- RECORDS TO USE -

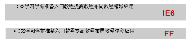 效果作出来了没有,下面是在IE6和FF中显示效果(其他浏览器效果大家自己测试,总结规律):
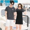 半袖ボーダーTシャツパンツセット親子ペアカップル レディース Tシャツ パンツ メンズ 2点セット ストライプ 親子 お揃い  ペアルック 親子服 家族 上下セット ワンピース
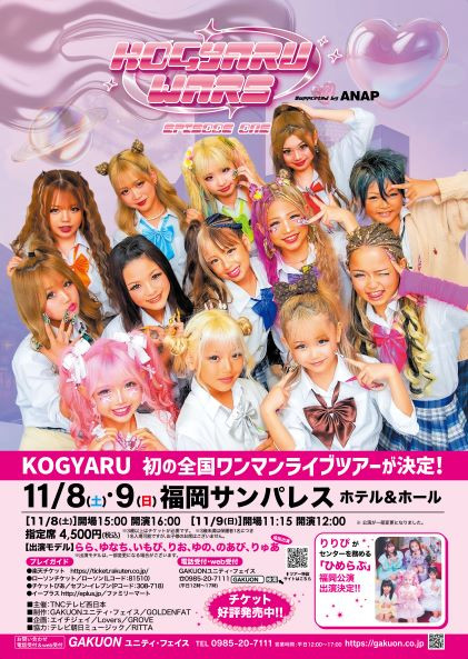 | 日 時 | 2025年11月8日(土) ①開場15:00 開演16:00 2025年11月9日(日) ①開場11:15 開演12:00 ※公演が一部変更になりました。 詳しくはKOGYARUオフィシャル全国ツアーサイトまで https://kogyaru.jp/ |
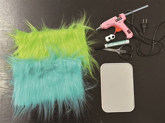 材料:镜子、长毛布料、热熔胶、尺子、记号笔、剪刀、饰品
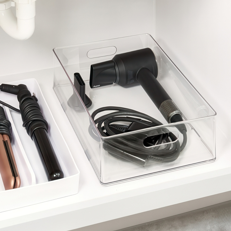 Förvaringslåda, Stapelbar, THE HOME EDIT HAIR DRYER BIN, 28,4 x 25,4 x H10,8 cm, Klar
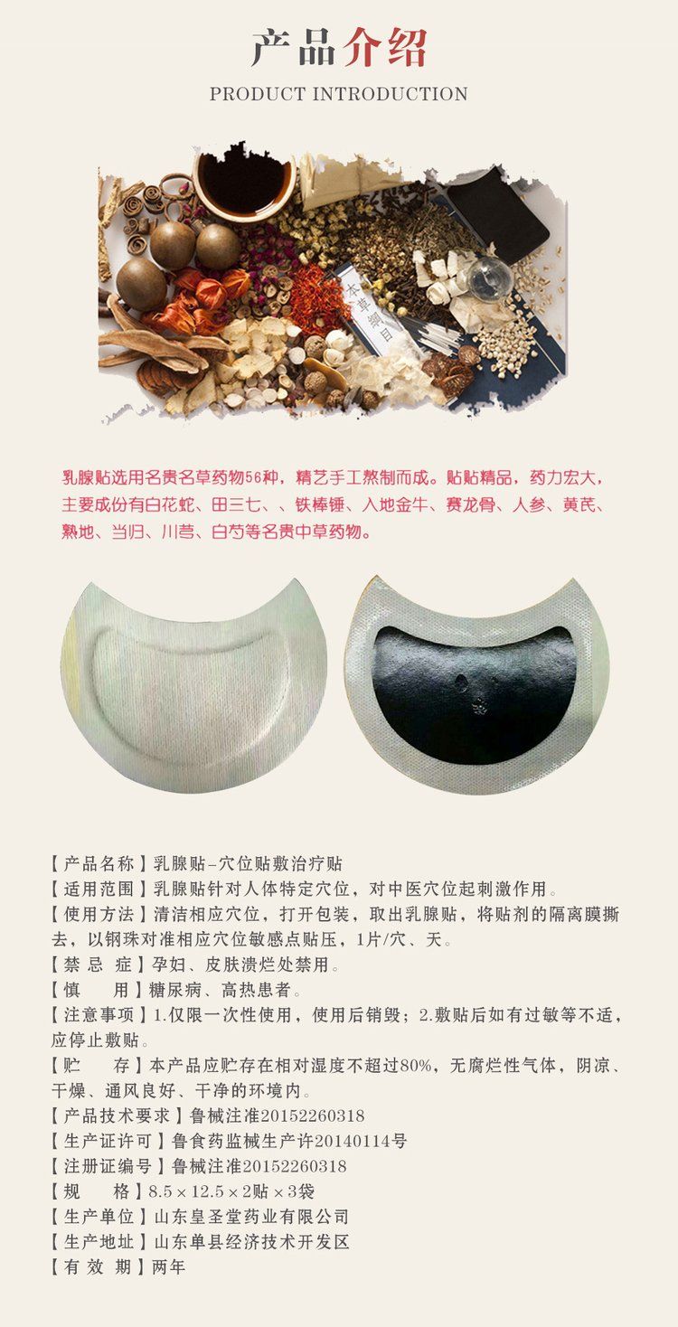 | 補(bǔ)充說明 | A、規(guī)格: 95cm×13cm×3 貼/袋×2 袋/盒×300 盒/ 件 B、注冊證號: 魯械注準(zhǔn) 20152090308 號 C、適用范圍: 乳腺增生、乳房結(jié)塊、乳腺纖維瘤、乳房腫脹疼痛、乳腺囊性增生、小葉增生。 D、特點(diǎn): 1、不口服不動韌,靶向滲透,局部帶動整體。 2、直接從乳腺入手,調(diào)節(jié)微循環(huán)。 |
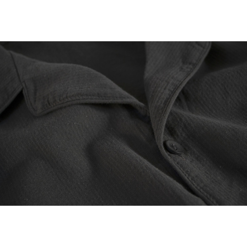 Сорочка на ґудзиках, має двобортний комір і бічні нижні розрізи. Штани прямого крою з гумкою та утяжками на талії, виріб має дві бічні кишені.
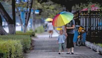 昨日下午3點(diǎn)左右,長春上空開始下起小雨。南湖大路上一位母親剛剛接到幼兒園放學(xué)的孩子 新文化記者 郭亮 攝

- REQUIRED ACTION -
Copy exactly, and only, the lines from the first entry through the line holding "材料:镜子、长毛布料、热熔胶、尺子、记号笔、剪刀、饰品", both ends included, leaving out every picture.

- ANSWER TO THIS PROBLEM -
 效果作出来了没有,下面是在IE6和FF中显示效果(其他浏览器效果大家自己测试,总结规律):
 半袖ボーダーTシャツパンツセット親子ペアカップル レディース Tシャツ パンツ メンズ 2点セット ストライプ 親子 お揃い  ペアルック 親子服 家族 上下セット ワンピース
 | 日 時 | 2025年11月8日(土) ①開場15:00 開演16:00 2025年11月9日(日) ①開場11:15 開演12:00 ※公演が一部変更になりました。 詳しくはKOGYARUオフィシャル全国ツアーサイトまで https://kogyaru.jp/ |
 材料:镜子、长毛布料、热熔胶、尺子、记号笔、剪刀、饰品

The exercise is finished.